# differentiable, f' not continuous

• Mar 19th 2009, 02:46 PM
chloe561
differentiable, f' not continuous
Let $\displaystyle f(x)=x^2 \sin(\frac{1}{x})$ for $\displaystyle x \not = 0$ and $\displaystyle f(0)=0.$

a) Prove that $\displaystyle f(x)$ is differentiable on $\displaystyle \mathbb{R}$.
b) Prove that $\displaystyle f'(x)$ is not continuous on $\displaystyle \mathbb{R}$.

I need help on BOTH parts. I've tried this problem, but I think I am not being very explicit in my proofs. I am also very sure my proof in b) is not nice. Is there another way to do b) [possibly without using the fundamental theorem of calculus]?

Attempt:
a) Clearly $\displaystyle f(x)$ is differentiable at $\displaystyle x \not = 0$. [How do I show this?] In fact, $\displaystyle f'(x)=2x \sin(x) - \cos(\frac{1}{x})$ [valid for $\displaystyle x \not =0$]. At $\displaystyle x=0$, $\displaystyle f'(0)=\lim_{x \rightarrow 0} \frac{f(h)-f(0)}{h}=\lim_{h \rightarrow 0} h \sin(\frac{1}{h})=0$. Hence, $\displaystyle f(x)$ is differentiable on $\displaystyle \mathbb{R}$.

b) $\displaystyle f'(x)=2x \sin(x) - \cos(\frac{1}{x})$. Let $\displaystyle p(x)=2x \sin(x)$. Then $\displaystyle p(0)=0$ because $\displaystyle p(0)=2 \cdot \lim_{x \rightarrow 0} x \sin(\frac{1}{x})=0$. So $\displaystyle p(0)=0$. So by FTC $\displaystyle \exists P(x)$ s.t. $\displaystyle P'(x)=p(x)$. So $\displaystyle f'(x)=P'(x)-cos(\frac{1}{x})$. But then $\displaystyle \cos(\frac{1}{x})$ is not a continuous function. But by FTC, $\displaystyle P(x)$ is differentiable. Then $\displaystyle P(x)$, $\displaystyle f(x)$ are differentiable functions whose derivatives are not continuous.

Thanks.
• Mar 19th 2009, 04:11 PM
Krizalid
$\displaystyle f'(x)\to\infty$ as $\displaystyle x\to0,$ thus $\displaystyle f'(x)$ is not continuous at $\displaystyle x=0.$ $\displaystyle f$ is of course, differentiable but not of class 1.
• Mar 21st 2009, 06:08 AM
Laurent
Quote:

Originally Posted by chloe561
Let $\displaystyle f(x)=x^2 \sin(\frac{1}{x})$ for $\displaystyle x \not = 0$ and $\displaystyle f(0)=0.$

a) Prove that $\displaystyle f(x)$ is differentiable on $\displaystyle \mathbb{R}$.
b) Prove that $\displaystyle f'(x)$ is not continuous on $\displaystyle \mathbb{R}$.

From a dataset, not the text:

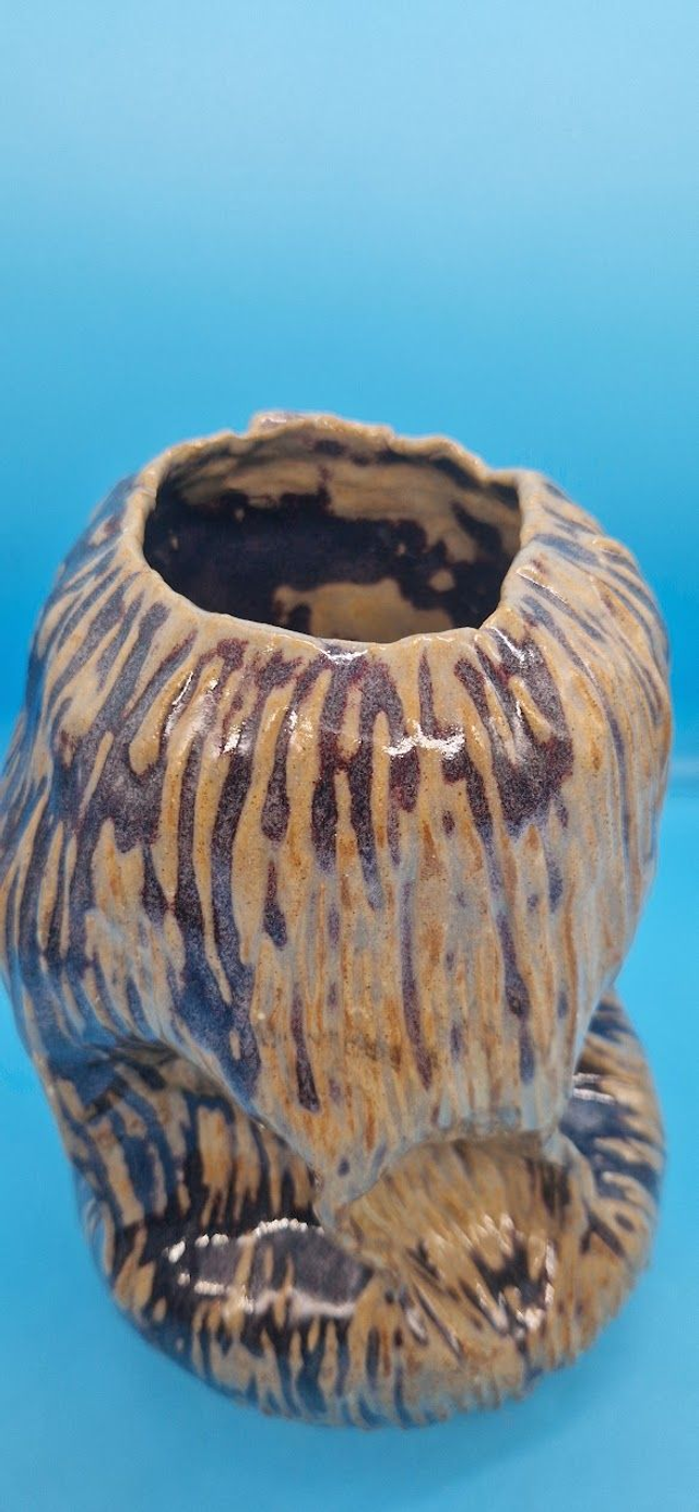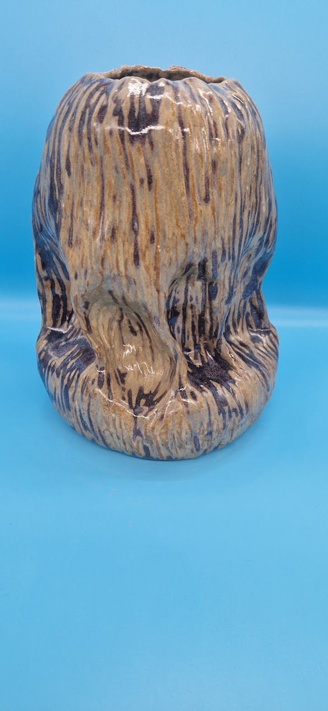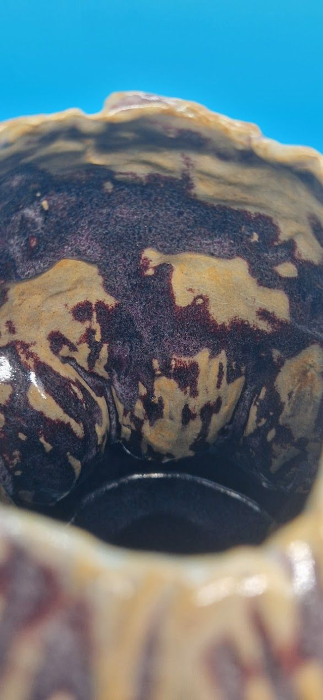 Featuring beautifully carved ridges and finished with a striking reactive glaze, the vase presents a unique blend of light brown and dark red hues, creating a rich, earthy contrast

I need help on BOTH parts. I've tried this problem, but I think I am not being very explicit in my proofs. I am also very sure my proof in b) is not nice. Is there another way to do b) [possibly without using the fundamental theorem of calculus]?

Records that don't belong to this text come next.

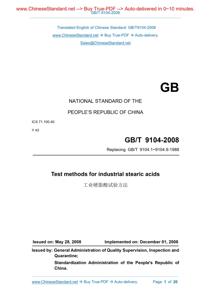 GB/T 9104-2008: Test methods for industrial stearic acids Delivery: 9 seconds. True-PDF full-copy in English & invoice will be downloaded + auto-delivered via email. See step-by-step procedure Status: Obsolete GB/T 9104: Historical versions
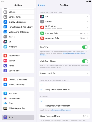 You can make a video call to another device which supports FaceTime. To select settings for FaceTime, you need to activate your Apple ID on your tablet.
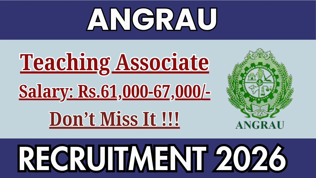 ఆచార్య NG రంగా అగ్రికల్చరల్ యూనివర్సిటీ (ANGRAU) రిక్రూట్మెంట్ 2026 01 టీచింగ్ అసోసియేట్ పోస్టుల కోసం. M.Sc, M.Phil/Ph.D ఉన్న అభ్యర్థులు వాకిన్కు హాజరుకావచ్చు. 17-02-2026న వాక్-ఇన్. వివరణాత్మక సమాచారం కోసం దయచేసి ANGRAU అధికారిక వెబ్సైట్, angrau.ac.inని సందర్శించండి.

For part a), to justify that $\displaystyle f$ is differentiable on $\displaystyle \mathbb{R}\setminus\{0\}$, you can say that it is obtained by product and composition of the following differentiable functions: $\displaystyle x\mapsto x^2$ on $\displaystyle \mathbb{R}$, $\displaystyle \sin$ on $\displaystyle \mathbb{R}$ and $\displaystyle x\mapsto\frac{1}{x}$ on $\displaystyle \mathbb{R}^*$. The computation at 0 is fine (well, it would be better not to write $\displaystyle f'(0)$ when you don't know that it exists yet)

For part b), you don't need to refer to FTC : just say that $\displaystyle x\sin\frac{1}{x}$ tends to 0, while $\displaystyle \cos\frac{1}{x}$ has no limit as $\displaystyle x\to0^+$, so that $\displaystyle f'(x)$ has no limit as $\displaystyle x\to0^+$. Therefore, it can't be continuous (whatever $\displaystyle f'(0)$ is).

Quote:

Originally Posted by Krizalid
$\displaystyle f'(x)\to\infty$ as $\displaystyle x\to0,$ thus $\displaystyle f'(x)$ is not continuous at $\displaystyle x=0.$ $\displaystyle f$ is of course, differentiable but not of class 1.

No, $\displaystyle f'(x)$ is bounded near 0 (and it has no limit when $\displaystyle x\to0^+$).